# One pickup is all you need



## cboutilier (Jan 12, 2016)

One of my bands debuting a new original at The Carleton in Halifax. Playing my beloved Fender Esquire rock machine into my '75 Twin Reverb.


----------



## zontar (Oct 25, 2007)

Ah--in one way takes me back to my younger days when I almost always used the bridge pickup & never touched the controls--had them died.
But if you had suggested I buy a guitar with just a bridge pickup & no tone control--I would not have liked it.

But as I grew in my playing I used both pickups & the controls.

But if ever got a one pickup guitar it would be a neck pickup.

Things change--so options are nice.

But sometimes you can use just one guitar & one pickup


----------



## cboutilier (Jan 12, 2016)

zontar said:


> Ah--in one way takes me back to my younger days when I almost always used the bridge pickup & never touched the controls--had them died.
> But if you had suggested I buy a guitar with just a bridge pickup & no tone control--I would not have liked it.
> 
> But as I grew in my playing I used both pickups & the controls.
> ...


This is normally a neck pickup tune for me actually. But the band leader decided to cut a few songs from the set and I found myself wearing an Esquire instead of a Telecaster.
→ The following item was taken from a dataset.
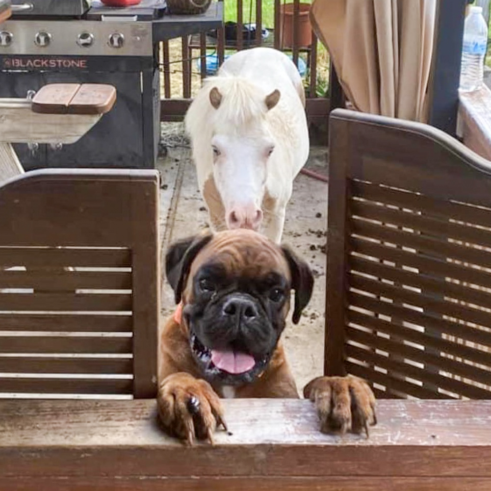 We’d like to introduce you to Roxanne! She was recently found as a stray and is estimated to be 3-4 years old. Roxanne is very sweet and is adjusting well in her temporary foster home. This girl is a lover of dogs, cats, kids and livestock! If it moves, then she loves it! She does have a lot of energy and enjoys being upright like a Hoover vacuum cleaner, and for that reason we feel she would do best in a home with older children. She will need some work on basic manners, but she’s eager to please and has a gentle demeanor. She’s curious and enjoys exploring her surroundings, she especially loves to play freely in the fenced yard. She would love an adoptive home!

My noodling at the start was because the drummer was also caught off guard and was holding brushes instead of sticks.


----------



## zontar (Oct 25, 2007)

You made it work.


----------



## Granny Gremlin (Jun 3, 2016)

fookin right, neck pickups are for wankers ;P 

Opposite applies to bass.


----------



## StratCat (Dec 30, 2013)

Guitar and amp sound great!


----------